Fetching 1 files:   0%|          | 0/1 [00:00<?, ?it/s]

preprocessor_config.json:   0%|          | 0.00/159 [00:00<?, ?B/s]

✅ Helper classes and functions are defined.


## Part 3: The Training Failure - `NaN` Loss

Our training plan was a two-stage curriculum. **Stage 1**, documented in this cell, aimed to train an "Acted Speech Expert" on the combined RAVDESS and CREMA-D datasets.

However, the training was unsuccessful. The log shows the training loss immediately becoming `NaN` (Not a Number), which indicates a numerical instability issue (like exploding gradients). As a result, the model could not learn, and its validation accuracy remained at the level of random chance. The subsequent Stage 2 (adapting to IEMOCAP) also failed as a consequence.

In [None]:
# ===================================================================
# CELL 4: STAGE 1 - TRAINING THE ACTED SPEECH EXPERT
# ===================================================================
import torch
import torch.nn as nn
from torch.utils.data import DataLoader
from transformers import Wav2Vec2ForSequenceClassification, get_linear_schedule_with_warmup
from sklearn.metrics import accuracy_score
from tqdm import tqdm
import os

# --- Configuration for Stage 1 ---
LEARNING_RATE = 3e-5
BATCH_SIZE = 8
EPOCHS = 15
CHECKPOINT_STAGE1_PATH = "/content/drive/MyDrive/ser_project/wav2vec2_stage1_acted_best.pth"
device = torch.device("cuda" if torch.cuda.is_available() else "cpu")
unified_emotion_labels = ["neutral", "happy", "sad", "angry", "fearful", "disgust"]
emotion_to_idx = {e: i for i, e in enumerate(unified_emotion_labels)}

# --- Prepare RAVDESS + CREMA-D data splits ---
# These variables (train_files, etc.) must be available from Cell 2
acted_train_files = [f for f in train_files if 'iemocap_data' not in f]
acted_val_files = [f for f in val_files if 'iemocap_data' not in f]
acted_train_labels = [emotion_to_idx[lbl] for i, lbl in enumerate(train_labels_str) if 'iemocap_data' not in train_files[i]]
acted_val_labels = [emotion_to_idx[lbl] for i, lbl in enumerate(val_labels_str) if 'iemocap_data' not in val_files[i]]

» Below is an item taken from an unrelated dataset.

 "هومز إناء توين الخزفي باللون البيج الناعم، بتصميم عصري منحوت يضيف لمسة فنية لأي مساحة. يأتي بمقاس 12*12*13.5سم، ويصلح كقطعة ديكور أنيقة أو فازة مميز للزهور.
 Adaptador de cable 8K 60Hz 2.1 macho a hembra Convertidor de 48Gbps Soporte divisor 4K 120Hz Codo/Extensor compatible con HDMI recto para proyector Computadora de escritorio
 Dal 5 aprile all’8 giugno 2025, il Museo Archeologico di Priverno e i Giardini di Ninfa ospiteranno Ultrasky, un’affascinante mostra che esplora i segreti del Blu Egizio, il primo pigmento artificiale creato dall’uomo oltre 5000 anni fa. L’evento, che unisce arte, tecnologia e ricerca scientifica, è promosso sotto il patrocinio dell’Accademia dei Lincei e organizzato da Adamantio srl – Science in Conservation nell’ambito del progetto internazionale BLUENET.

# The WavDataset and collate_fn must be available from Cell 3
train_dataset = WavDataset(acted_train_files, acted_train_labels)
val_dataset = WavDataset(acted_val_files, acted_val_labels)
train_loader = DataLoader(train_dataset, batch_size=BATCH_SIZE, shuffle=True, collate_fn=collate_fn, num_workers=2)
val_loader = DataLoader(val_dataset, batch_size=BATCH_SIZE, shuffle=False, collate_fn=collate_fn, num_workers=2)
print(f"Starting Stage 1: Training on {len(train_dataset)} acted samples...")

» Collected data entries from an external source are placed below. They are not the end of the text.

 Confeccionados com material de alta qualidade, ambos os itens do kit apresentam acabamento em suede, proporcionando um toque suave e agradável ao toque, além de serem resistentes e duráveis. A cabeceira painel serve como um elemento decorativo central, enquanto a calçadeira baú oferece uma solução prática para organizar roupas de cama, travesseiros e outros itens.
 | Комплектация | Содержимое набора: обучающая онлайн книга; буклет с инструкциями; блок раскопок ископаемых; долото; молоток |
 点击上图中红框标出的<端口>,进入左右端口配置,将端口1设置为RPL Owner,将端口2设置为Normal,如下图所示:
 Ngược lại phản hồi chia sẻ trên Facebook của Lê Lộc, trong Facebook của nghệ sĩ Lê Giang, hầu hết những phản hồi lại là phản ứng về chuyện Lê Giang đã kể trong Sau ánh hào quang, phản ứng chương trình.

# --- Initialize Model, Optimizer, Scheduler, and Scaler ---
model = Wav2Vec2ForSequenceClassification.from_pretrained("facebook/wav2vec2-base-960h", num_labels=len(unified_emotion_labels))
model.freeze_feature_extractor = False
model = model.to(device)
optimizer = torch.optim.AdamW(model.parameters(), lr=LEARNING_RATE)
criterion = nn.CrossEntropyLoss()
num_training_steps = len(train_loader) * EPOCHS
num_warmup_steps = int(0.1 * num_training_steps)
scheduler = get_linear_schedule_with_warmup(optimizer, num_warmup_steps=num_warmup_steps, num_training_steps=num_training_steps)
scaler = torch.cuda.amp.GradScaler()

# --- Stage 1 Training Loop with AMP ---
best_val_acc = 0.0
for epoch in range(EPOCHS):
    model.train()
    running_loss = 0.0
    for inputs, labels in tqdm(train_loader, desc=f"Stage 1 - Epoch {epoch+1}/{EPOCHS}"):
        inputs, labels = inputs.to(device), labels.to(device)
        with torch.cuda.amp.autocast():
            outputs = model(inputs).logits
            loss = criterion(outputs, labels)

        optimizer.zero_grad()
        scaler.scale(loss).backward()
        torch.nn.utils.clip_grad_norm_(model.parameters(), 1.0)
        scaler.step(optimizer)
        scaler.update()
        scheduler.step()
        running_loss += loss.item() * inputs.size(0)
    train_loss = running_loss / len(train_dataset)

    # Validation
    model.eval()
    val_loss = 0.0
    correct = 0
    total = 0
    with torch.no_grad():
        for inputs, labels in tqdm(val_loader, desc=f"Stage 1 - Epoch {epoch+1}/{EPOCHS} [Val]"):
            inputs, labels = inputs.to(device), labels.to(device)
            with torch.cuda.amp.autocast():
                outputs = model(inputs).logits
                loss = criterion(outputs, labels)
            val_loss += loss.item() * inputs.size(0)
            _, predicted = torch.max(outputs.data, 1)
            total += labels.size(0)
            correct += (predicted == labels).sum().item()
    val_accuracy = 100 * correct / total
    val_loss /= len(val_dataset)
    print(f"Stage 1 - Epoch {epoch+1}/{EPOCHS} | Train Loss: {train_loss:.4f} | Val Loss: {val_loss:.4f} | Val Acc: {val_accuracy:.2f}%")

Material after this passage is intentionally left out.